Of late, G. Gaikhangam, the Home Minister of Manipur, has been speaking to the media on the situation of minors below 18 years of age being forced to join the militant outfits in his state. He has been pointing to the increasing instances of kidnapping for conscription, making the case for reversing the situation, and highlighting the action taken by the Ibobi Singh Government in putting all police stations on red alert, etc. This phenomenon of the extremist militant outfits, particularly the Meitei groups, kidnapping Manipuri children and grooming them as their cadres, is not a new phenomenon. However, the situation seems to be gradually worsening.
The forcible recruitment of children, nurturing them during custody, and when in custody, looking after their day-to-day needs of food, clothing and shelter and gradually indoctrinating them to the operating philosophy of the militant outfits, has been evident for over nearly a decade, if not more. This indicates the inability of the state machinery to provide educational facilities and employment opportunities for the youth as well as the abject failure of successive state governments to provide a milieu in which normal life can be led by the citizens. To an extent, the trend also shows that the political parties working within the state have virtually no concern or space for the minors, and even indicates the acquiescence of the local civil society to the decline in social and family bonds, parental responsibilities and control of adults over their children.
This is an unenviable situation. On the one hand, the state does not act decisively against the militants who are destroying the very fabric of family life and the future of the local children. And, on the other, the people at large are either so terrified by the militants and also demoralised by the ineffectiveness of the state machinery that they see no alternative but to submit to the deteriorating situation and cannot organise themselves to reverse the phenomenon.
The militants have been resorting to this method of recruitment owing to the apparent difficulty in maintaining their cadres from grown-up youngsters or middle-aged people. Furthermore, the advantage of having minors who are less expensive to maintain than adults in the age range of 20 to 30 years, and accept the ideology or norms of insurgency by virtue of having impressionable minds, have not been lost sight of by the militants. However, some of the child recruits did get disenchanted while in captivity-cum-controlled environment within the outfits. In small groups, when they organised themselves and tried to break away from captivity and return to their families, exemplary punishment by way of death by shooting them before their compatriots, was resorted to, to instil fear in their minds. It was out of sheer necessity of circumstances and also, consequent on their reappraised methods of functioning wherein, well-knit versatile small groups of militant youngsters operating in a spirit of camaraderie on a long-term basis were deemed more cost-effective and optimum, that the militants embarked on recruiting their child cadres and managed to retain them under their control.
For over a decade, Manipur has been on the downslide in every respect, be it in administrative functioning, policing or financial management. Governance has been on the decline. The political leadership, particularly of the dominant parties led by the Congress, and except perhaps the Communist Party of India led by Dr. Nara Singh, have been accused of lack of probity. Sagacious intercession in the matters of the state by the Manipur Governor, Gurbachan Jagat, has also been minimal. In this backdrop, the serious long-term implications of the forcible recruitment of children or minors do not seem to have been duly considered by the governmental authorities despite periodic public protests. There have been outcries from the affected parents but the state government has only paid lip service to the issue; it has been virtually unresponsive in the matter of taking effective coercive action against the hard-core militant groups. As a result, the common people are in a state of helplessness.
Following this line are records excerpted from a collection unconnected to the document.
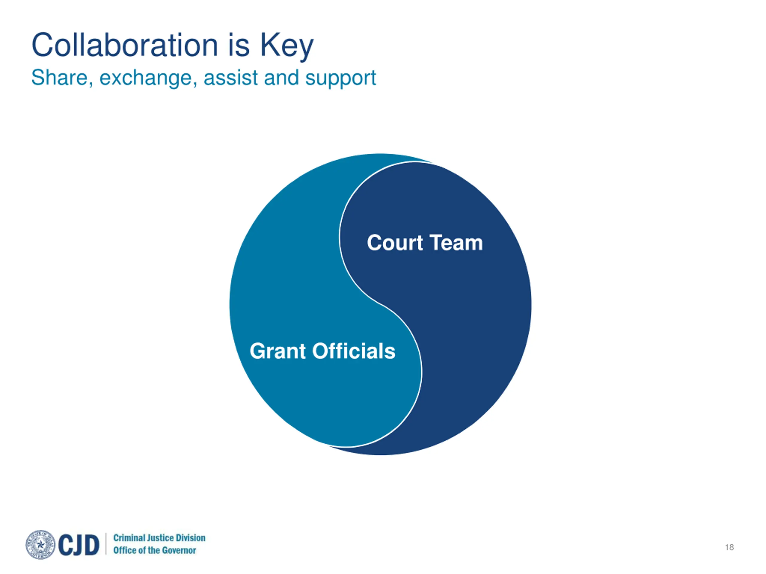 Collaboration is Key Share, exchange, assist and support Court Team Grant Officials 18
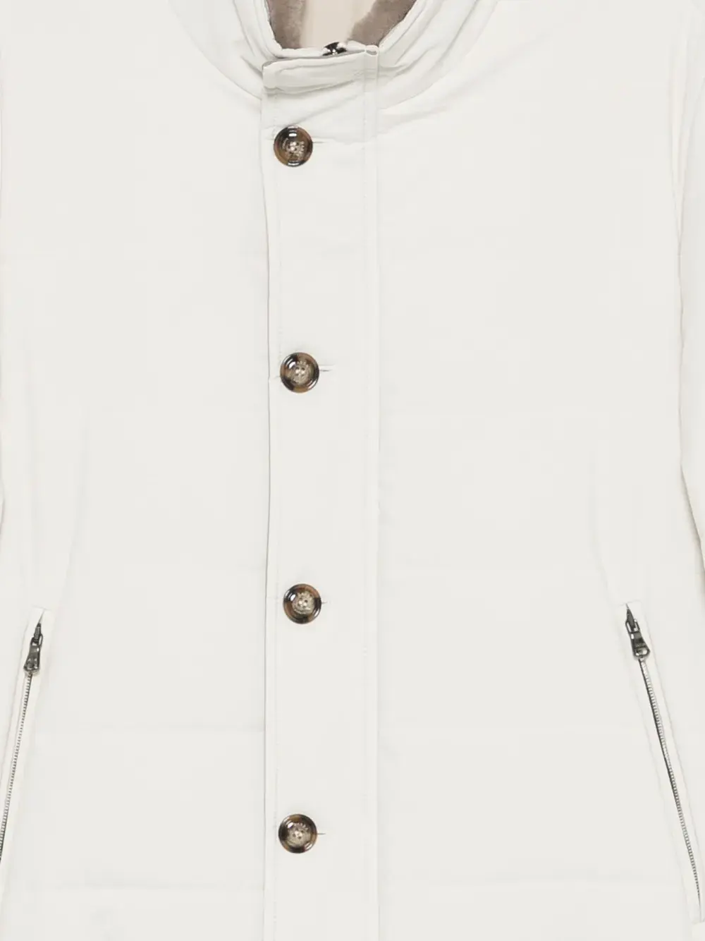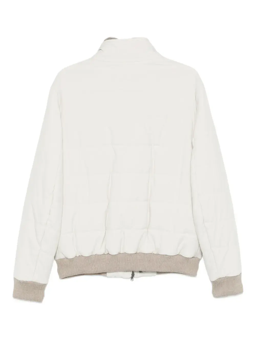 белый цвет, ребристый край, ребристые манжеты, застежка на пуговицы, молния, стеганая отделка
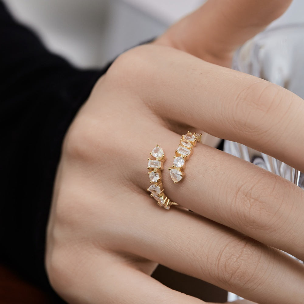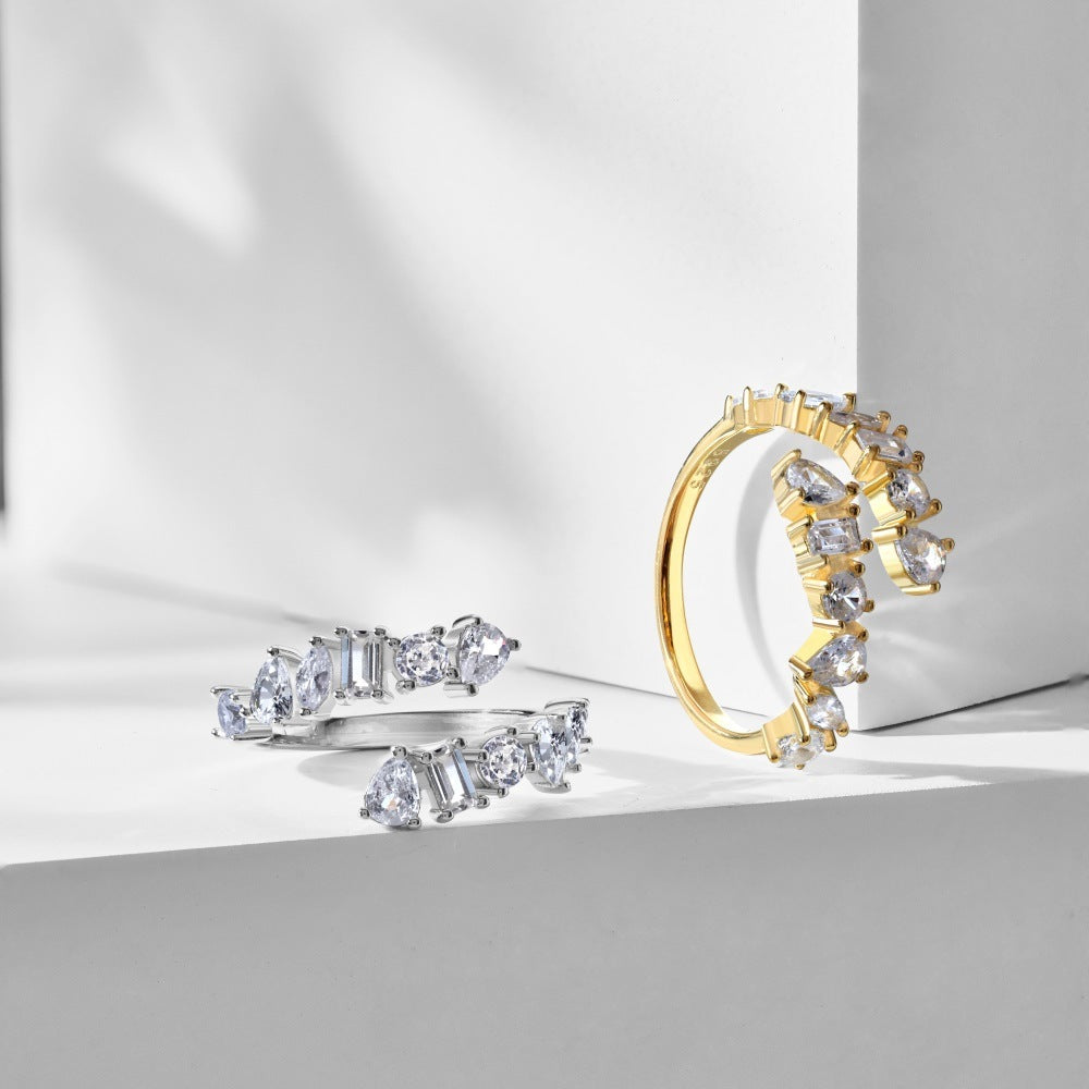Embrace celestial brilliance with the Gokada Ring. Expertly crafted from high-quality Sterling Silver, this open adjustable ring dazzles with a constellation of Moissanite stones in various geometric cuts. Each stone captures and reflects light beautifully, creating a multi-dimensional sparkle that embodies elegance and modern artistry. Designed for the contemporary woman, the Gokada Ring combines timeless charm with an effortlessly chic silhouette, perfect for both daily wear and special occasions.
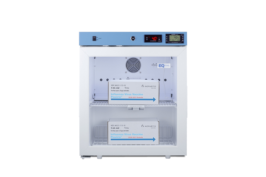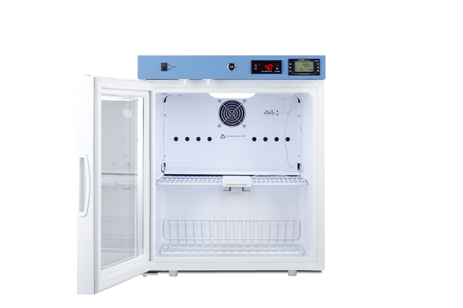 EQTemp introduces a new series of affordable, specialty refrigeration solutions for healthcare facilities seeking specialized cold storage. Model ACR22GLHD is a compact 1.94 cu.ft. all-refrigerator. It features a clean white exterior and a blue-accented control panel. The glass door is equipped with a self-closing mechanism to help protect stored items from being overexposed to room temperature. A factory-installed lock offers added security, and the hospital-grade cord with a 'green dot' plug ensures a secure connection for high-traffic areas. The ACR22GLHD includes an external readout of the interior temperature and the high/low temperature. The buffered temperature probe is encased in a bottle filled with glass beads for improved accuracy. The digital temperature controls allow you to set the interior between 2 and 8ºC. An audible alarm sounds if the temperature goes out of range. We also include a pre-installed 3/8" access port for users to add their own monitoring equipment if preferred. The interior includes one wire shelf in the center to hold the temperature probe. Internal LED lighting provides an efficient and convenient view. Automatic defrost reduces user maintenance, and an internal fan ensures robust temperature recovery after door openings. This unit ships with a left-hand door swing (for a right-hand version, see model ACR22G). The ACR series is also available certified to the NSF/ANSI 456 Vaccine Storage Standard with the upgrade of a NIST-calibrated temperature readout (see model ACR22GNSF456). Additional sizes are available, as well as more advanced cold storage equipment purpose-built for laboratory and life science storage. Browse the complete product line to explore our extensive selection. Note: EQTemp's ACR Series refrigerators are intended for various healthcare storage applications. Storage of high-value vaccines, life science materials, and medical/clinical biologicals requires a product offering tighter temperature control and/or alarms, monitoring, and backup. For these applications, browse Accucold's purpose-built PHARMA-VAC line or contact our product specialists at 1-888-4-MED-LAB.

The state of all-pervasive corruption prevailing in Manipur needs to be counteracted in order to bring about a turnaround in the situation. The condition of joblessness among the youth cannot but demotivate the youngsters. Therefore, instances of minors being lured away by the militant outfits with promises of money and mobiles are not uncommon. Only attractive alternatives can wean away the children from the enticements offered by the militant outfits. An approach which is community or locality based could be an alternative, involving the families at least in the Imphal Valley districts. The principals, headmasters and teachers of schools must be required to be associated with the parents of the child students not only in the matter of education but also in the beyond-the-school-hours activities of the students, and promote vocational and youth activities that empower the latter and enable them to achieve gainful employment. The Government of India may perform a catalytic role to activate such community-cum-family based endeavours with particular emphasis on sports-related and youth activities—areas in which the Manipuris naturally tend to excel—inter-alia by promoting tie-ups with youth organisations in other states. This is because the state government machinery has proved to be totally incapable of performing any positive role in this regard owing to all-pervasive corruption abetted by the governing politicians in connivance with the contractors and suppliers with a behind-the scene nexus with the large group of militant outfits.
If action to counter the child conscription phenomenon is further delayed, a generational schism may develop in Meitei society, reinforcing the militancy, anarchism and mafia-like activities presently prevalent in Manipur, thus making it more ungovernable. This would be a sad outcome to a princely state which merged with the Indian Union on 21 September 1949 with a functioning Constitution of its own and concomitant institutions and polity in place, as against the Union of India which was just about to inaugurate its Constitution after independence from the British.
Gautam Sen served as Financial Adviser of North Eastern Council with the Union Ministry of Home Affairs.